If $H$ is a finite group of order $r$ and $x\in H$, we can see that $x^r=1$. This is because we have the set $\langle x\rangle:=\{1,x,x^2,\ldots,x^r\}\subset H$, and if $x^r\neq 1$ then $\langle x\rangle$ has more elements than $H$, a contradiction. We say that $\min\{t\in\mathbb{N}:x^t=1\}$ is the order of $x$.

If $t$ is the order of $x$, then $r=st+b$ for some $s$ and $0\leq b<t$. We have that $1=x^r=(x^{t})^sx^b=1^sx^b=x^b=1$, and because of the minimality of $t$, we must have that $b=0$. This shows that $t\mid r$. In fact the same proof shows that if $k$ is any number such that $x^k=1$, then $t\mid k$.

Let's look at the problem now. We can see that $AB=\{ab:a\in A,b\in B\}$ has order less than or equal to $mn$ (one reason is that the function $A\times B\to AB$ that sends $(a,b)\mapsto ab$ is surjective and $|A\times B|=mn$).

When exactly is $ab=a'b'$? This happens if and only if $a(a')^{-1}=b(b)^{-1}$ (because $G$ is abelian).
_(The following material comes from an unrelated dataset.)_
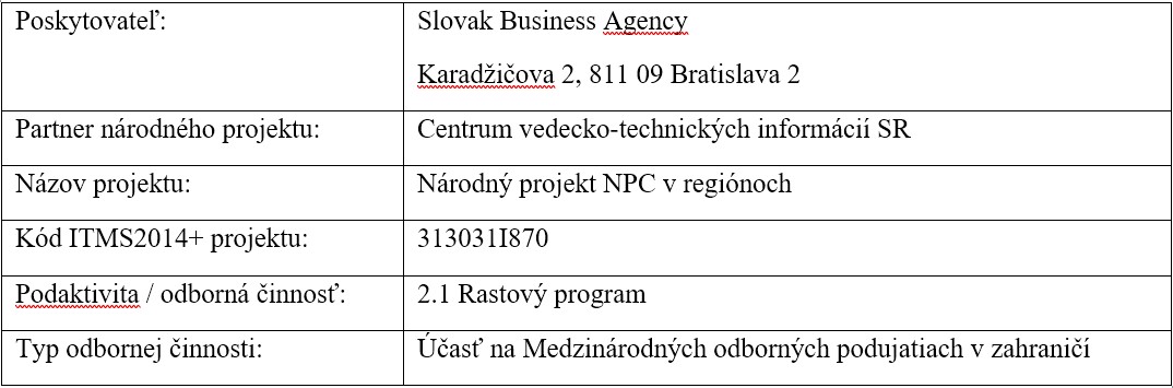 [1] Nefinančná forma pomoci je úspešným žiadateľom poskytovaná v rámci implementácie Národného projektu NPC v regiónoch, Prioritná os 12, kód ITMS2014+ 313041I861, v súlade s komponentom 3 písmeno b) Schémy na podporu malého a stredného podnikania v SR. Národný projekt je realizovaný prostredníctvom Operačného programu Integrovaná infraštruktúra a vytvára ucelený systém komplexnej podpory vzniku a rozvoja potenciálnych a existujúcich malých a stredných podnikov v SR.
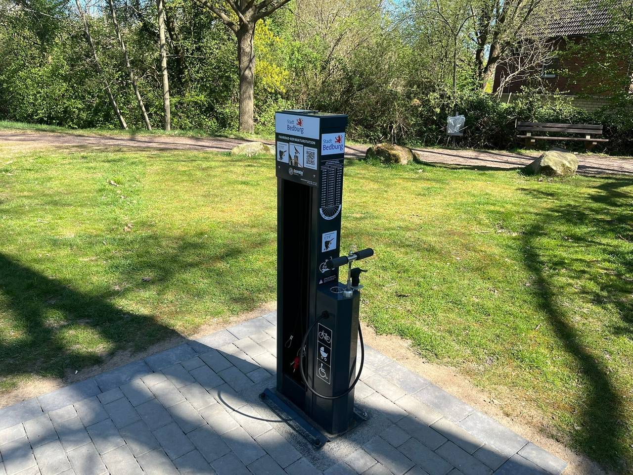 An der Station in Bedburg gibt es eine barrierefreie Picknickbank, eine Infotafel und eine Fahrrad-Servicestation zum Beispiel zum Aufpumpen der Reifen. Und auch wenn diese Stationen aktuell noch häufig geplündert werden – die Stadt Bedburg will sie immer wieder auffüllen.

We see that $(a(a')^{-1})$ is in $A$, and so $1=(a(a')^{-1})^{m}=(b(b')^{-1})$. Similarly, we have that $1=(b(b')^{-1})^n=(a(a')^{-1})^m$. Because of what we said earlier we have that the order of $b(b')^{-1}$ divides $m$ and $n$ (and the same with the order of $a(a')^{-1}$). Since $m$ and $n$ are relatively prime, these orders must be equal to 1, and so $b=b'$ and $a=a'$. Thus every element of $AB$ is uniquely written as $ab$ with $a\in A$ and $b\in B$, and so we see that the function $A\times B\to AB$ we described earlier is a bijection, and so we're done.

Of course in this proof I proved Lagrange's theorem....

Another proof would consist of showing that the function $A\times B\to AB$ is an isomorphism (although I'm sure you would use Lagrange too).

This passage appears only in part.